* **ASSIGNED TASK**
For the listing below, the answer is an exact retyping of the lines from the one with "Zestaw trzech brokatów" through the one with "Bjørn Wiinblad Ovalt", both included, without pictures.

* **EXTRACTED MATERIAL**
######
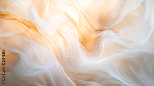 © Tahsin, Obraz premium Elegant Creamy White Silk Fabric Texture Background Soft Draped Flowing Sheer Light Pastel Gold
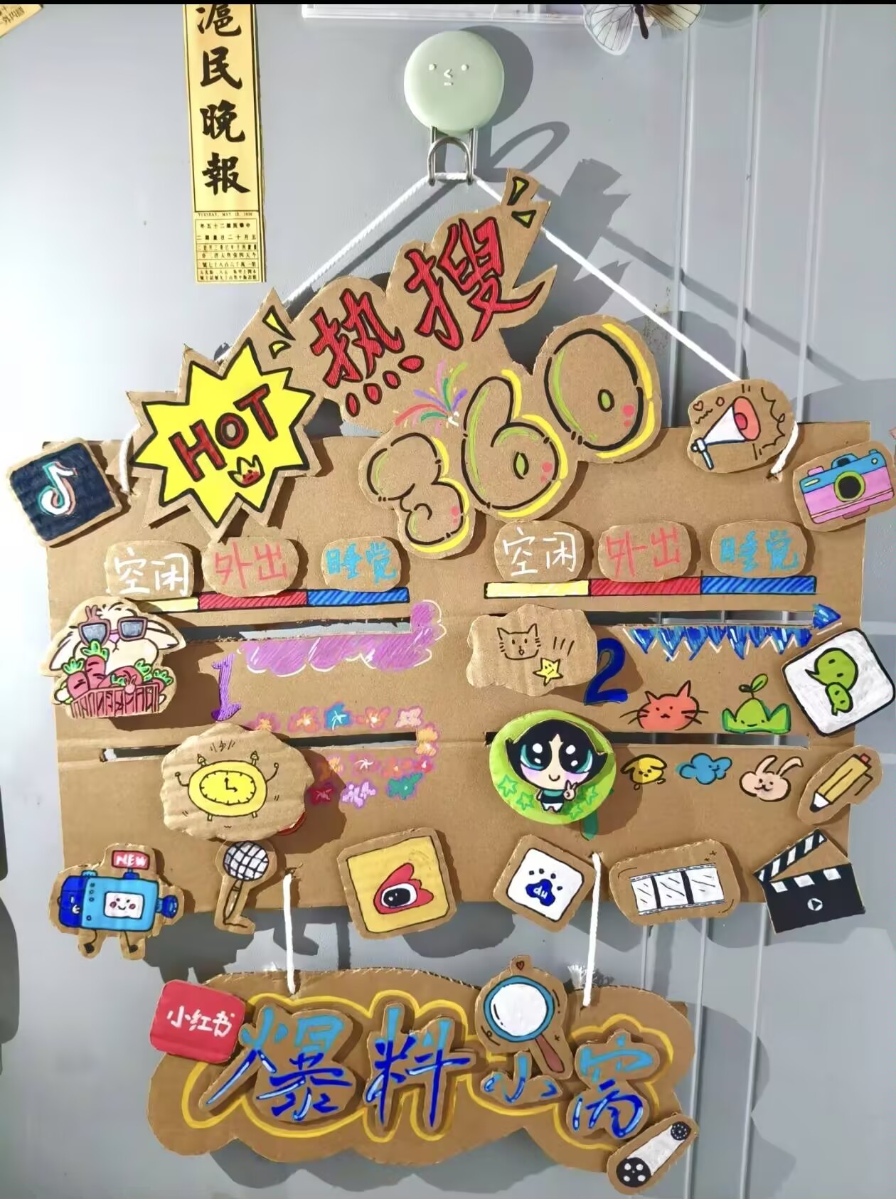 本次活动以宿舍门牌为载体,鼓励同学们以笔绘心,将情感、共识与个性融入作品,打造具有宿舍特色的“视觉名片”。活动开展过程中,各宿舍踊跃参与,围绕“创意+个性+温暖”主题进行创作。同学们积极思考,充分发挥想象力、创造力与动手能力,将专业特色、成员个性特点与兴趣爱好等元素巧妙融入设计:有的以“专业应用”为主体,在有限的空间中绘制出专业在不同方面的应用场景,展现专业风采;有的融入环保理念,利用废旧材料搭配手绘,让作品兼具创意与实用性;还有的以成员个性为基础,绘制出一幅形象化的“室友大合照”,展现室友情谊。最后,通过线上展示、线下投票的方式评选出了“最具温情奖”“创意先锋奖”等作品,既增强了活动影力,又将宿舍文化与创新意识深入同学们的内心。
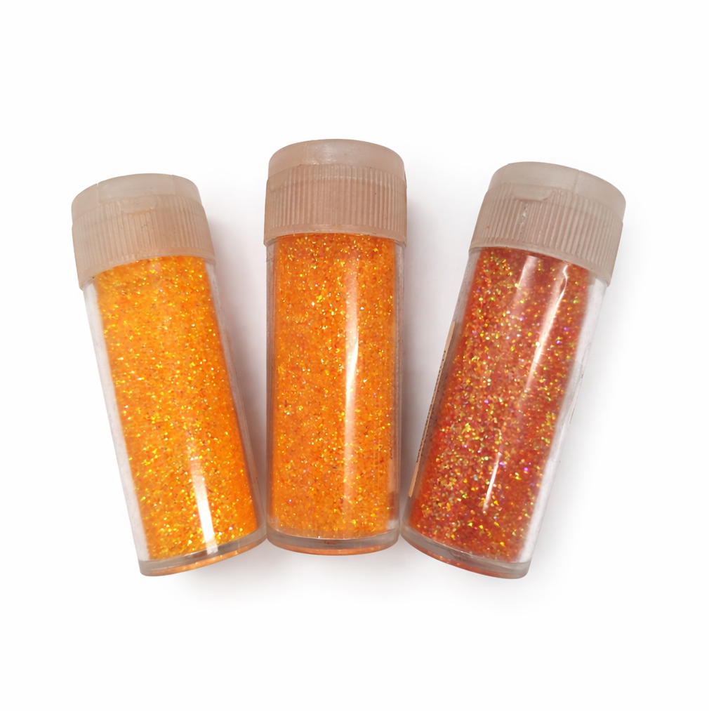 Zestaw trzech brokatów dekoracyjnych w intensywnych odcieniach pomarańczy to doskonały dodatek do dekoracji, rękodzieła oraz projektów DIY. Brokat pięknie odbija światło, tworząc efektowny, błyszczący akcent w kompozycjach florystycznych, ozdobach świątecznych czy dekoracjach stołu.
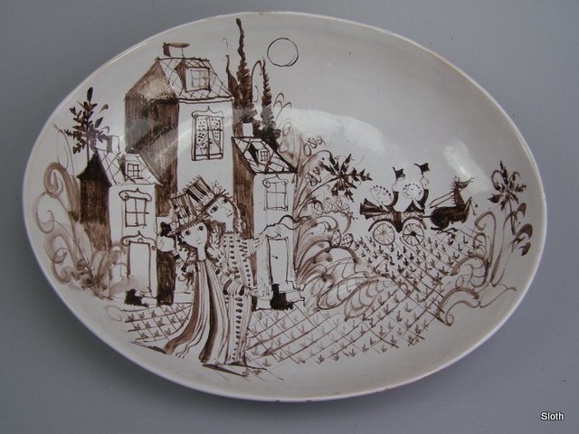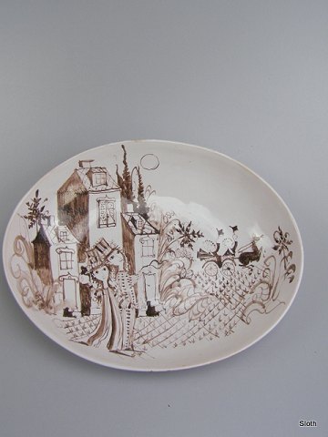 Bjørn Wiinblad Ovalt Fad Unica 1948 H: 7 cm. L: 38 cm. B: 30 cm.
######
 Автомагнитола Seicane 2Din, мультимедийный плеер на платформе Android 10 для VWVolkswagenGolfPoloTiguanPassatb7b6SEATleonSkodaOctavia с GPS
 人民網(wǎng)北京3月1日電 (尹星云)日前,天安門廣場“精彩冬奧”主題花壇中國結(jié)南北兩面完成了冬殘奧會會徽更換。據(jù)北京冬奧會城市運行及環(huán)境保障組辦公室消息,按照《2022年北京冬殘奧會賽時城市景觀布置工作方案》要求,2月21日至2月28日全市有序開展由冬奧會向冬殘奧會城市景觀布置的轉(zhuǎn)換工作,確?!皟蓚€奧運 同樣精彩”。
######
* **OUTPUT OF THE TASK**
 Zestaw trzech brokatów dekoracyjnych w intensywnych odcieniach pomarańczy to doskonały dodatek do dekoracji, rękodzieła oraz projektów DIY. Brokat pięknie odbija światło, tworząc efektowny, błyszczący akcent w kompozycjach florystycznych, ozdobach świątecznych czy dekoracjach stołu.
 Bjørn Wiinblad Ovalt Fad Unica 1948 H: 7 cm. L: 38 cm. B: 30 cm.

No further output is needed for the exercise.